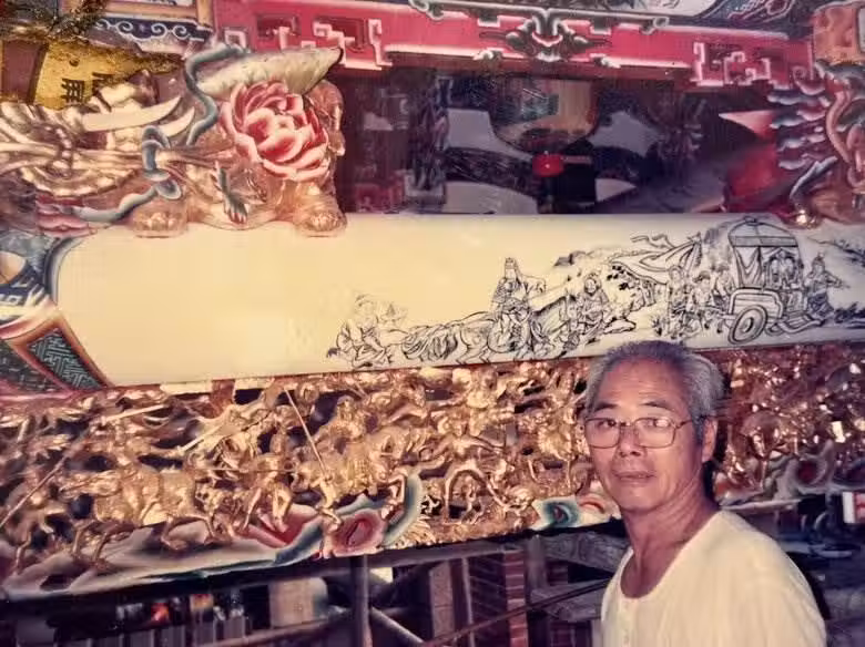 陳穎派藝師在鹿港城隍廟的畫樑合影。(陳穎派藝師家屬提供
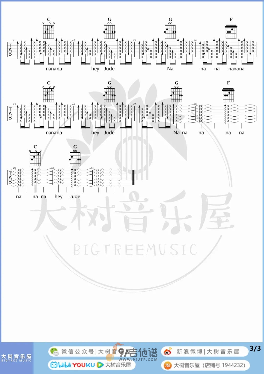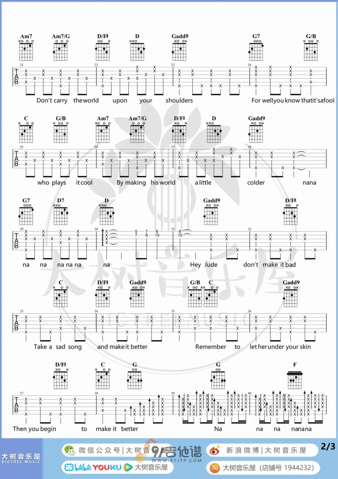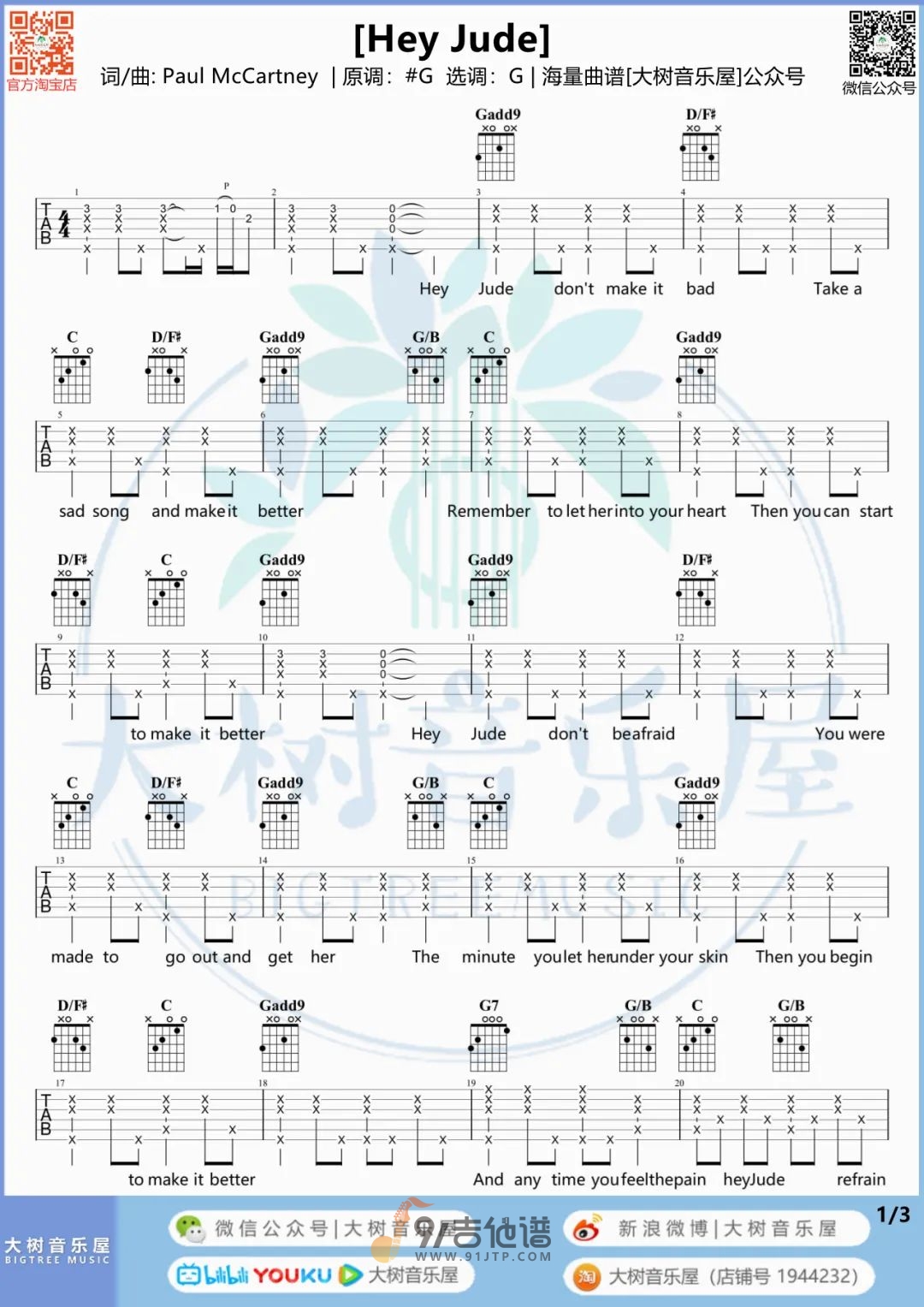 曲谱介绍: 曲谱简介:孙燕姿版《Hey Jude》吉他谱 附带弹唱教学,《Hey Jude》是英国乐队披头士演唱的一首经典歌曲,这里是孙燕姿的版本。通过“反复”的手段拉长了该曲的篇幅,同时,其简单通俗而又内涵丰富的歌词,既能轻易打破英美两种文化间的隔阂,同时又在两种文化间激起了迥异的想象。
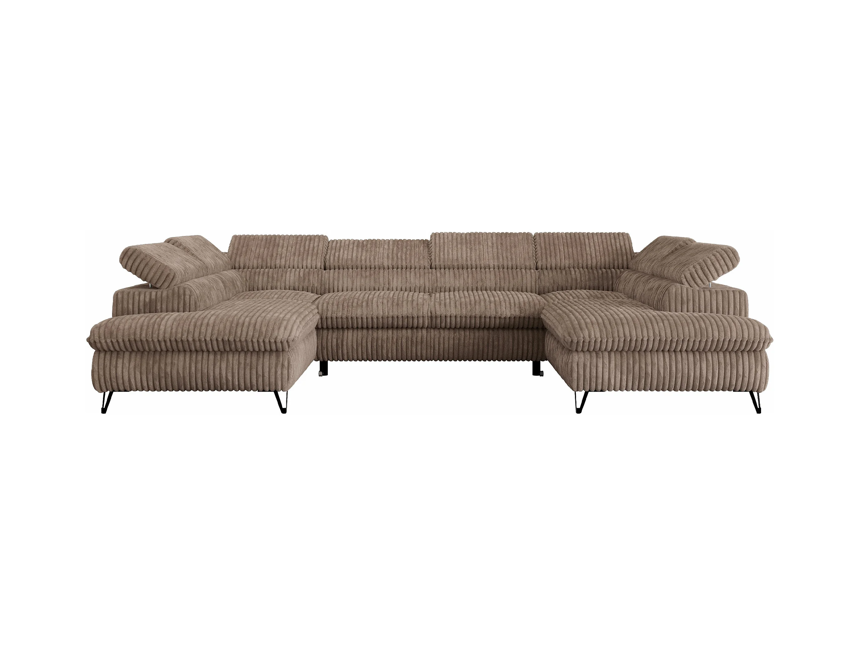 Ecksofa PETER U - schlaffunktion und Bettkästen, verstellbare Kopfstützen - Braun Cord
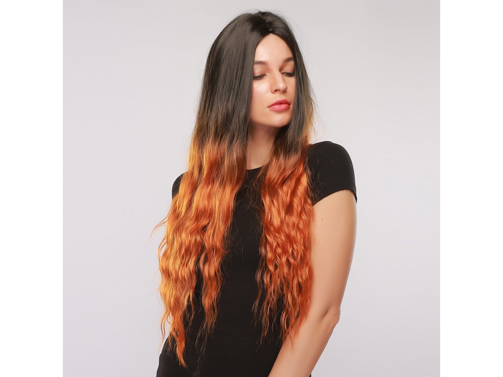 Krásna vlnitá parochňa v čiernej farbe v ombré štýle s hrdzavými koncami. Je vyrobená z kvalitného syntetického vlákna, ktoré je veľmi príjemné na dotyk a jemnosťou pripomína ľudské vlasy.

### Exercise details
From the first line to the last, repeat the listing exactly and skip its images.

### Solution
 陳穎派藝師在鹿港城隍廟的畫樑合影。(陳穎派藝師家屬提供
 曲谱介绍: 曲谱简介:孙燕姿版《Hey Jude》吉他谱 附带弹唱教学,《Hey Jude》是英国乐队披头士演唱的一首经典歌曲,这里是孙燕姿的版本。通过“反复”的手段拉长了该曲的篇幅,同时,其简单通俗而又内涵丰富的歌词,既能轻易打破英美两种文化间的隔阂,同时又在两种文化间激起了迥异的想象。
 Ecksofa PETER U - schlaffunktion und Bettkästen, verstellbare Kopfstützen - Braun Cord
 Krásna vlnitá parochňa v čiernej farbe v ombré štýle s hrdzavými koncami. Je vyrobená z kvalitného syntetického vlákna, ktoré je veľmi príjemné na dotyk a jemnosťou pripomína ľudské vlasy.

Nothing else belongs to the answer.